RAW DATA
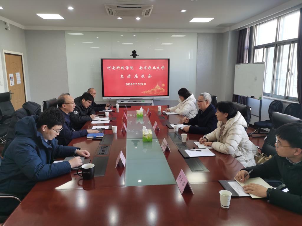 2月24日,副校长马金友带队赴南京农业大学调研学科建设和研究生培养工作,农学院负责人及相关人员陪同调研。南京农业大学副校长丁艳锋,农学院、校长办公室等单位负责人参加座谈。
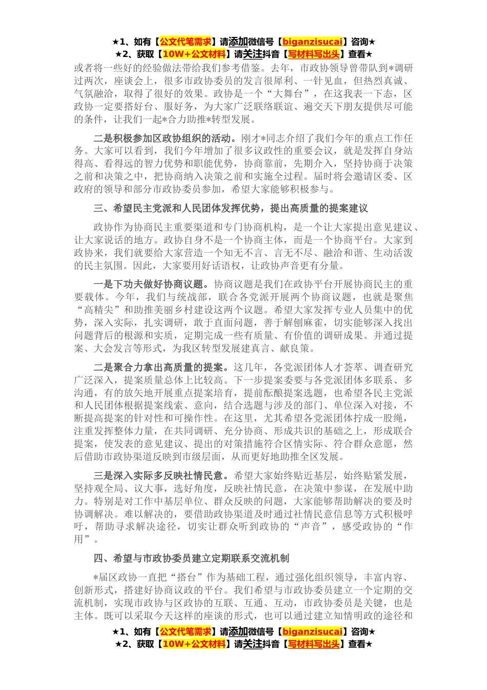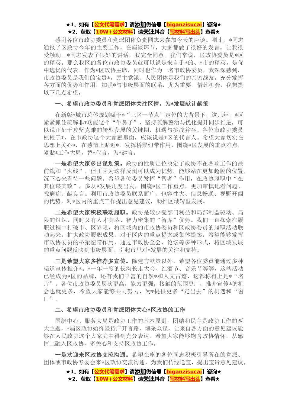★1、如有【公文代笔需求】请添加微信号【biganzisucai】咨询★★2、获取【10W+公文材料】请关注抖音【写材料写出头】查看★感谢各位市政协委员和党派团体负责同志来参加今天的座谈。刚才,*同志通报了区政协今年的主要工作,在座谈环节,大家都做了很好的发言,让我很受触动。*同志发表了很好的讲话,我完全同意。我们常说,区政协委员是*区的精英。那么我区的各位市政协委员就可以说是来自于*的、*市的精英,是优中选优的代表。作为*区政协主席,同时也作为一名市政协委员,我深深感到,市政协委员是我们的宝贵*,民主党派、人民团体是我们的亲密战友,充分发挥各方面的优势和作用,加强*与市级层面的联系,尤为重要。借此机会,我想提以下几点希望。一、希望市政协委员和党派团体关注区情,为*发展献计献策在新...
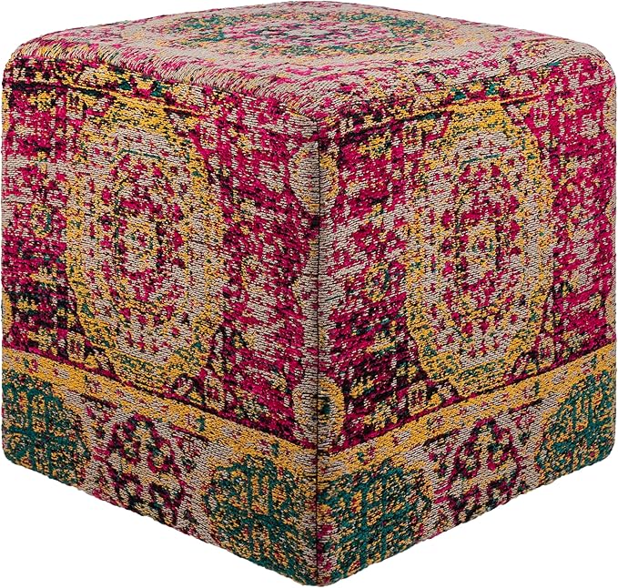 Mark&Day Pouf Ottoman, Kaltenleutgeben Traditional Bright Pink Cube Pouf Foot Rest for Living Room, Bedroom and Boho Home Decor (18"x18"x18")
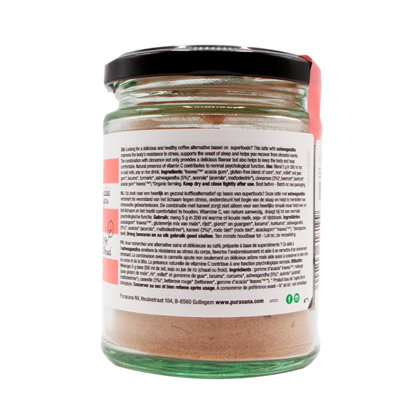 Ingrediënten: acaciagom* ‘Inavea™’, glutenvrije mix van maïs*, rijst*, gierst* en guargom*, lucuma*, kurkuma*, ashwagandha (5%)*, acerola* (acerola*, maltodextrine*), kaneel (3%)*, rode biet* (rode biet*, acaciagom* ‘Inavea™’). *biologische teelt

TASK DETAILS
Reproduce, word for word, the lines from the one containing "Mark&Day Pouf Ottoman, Kaltenleutgeben" to the end of the material, both ends included. No picture is copied.

RESPONSE TO THIS TASK
 Mark&Day Pouf Ottoman, Kaltenleutgeben Traditional Bright Pink Cube Pouf Foot Rest for Living Room, Bedroom and Boho Home Decor (18"x18"x18")
 Ingrediënten: acaciagom* ‘Inavea™’, glutenvrije mix van maïs*, rijst*, gierst* en guargom*, lucuma*, kurkuma*, ashwagandha (5%)*, acerola* (acerola*, maltodextrine*), kaneel (3%)*, rode biet* (rode biet*, acaciagom* ‘Inavea™’). *biologische teelt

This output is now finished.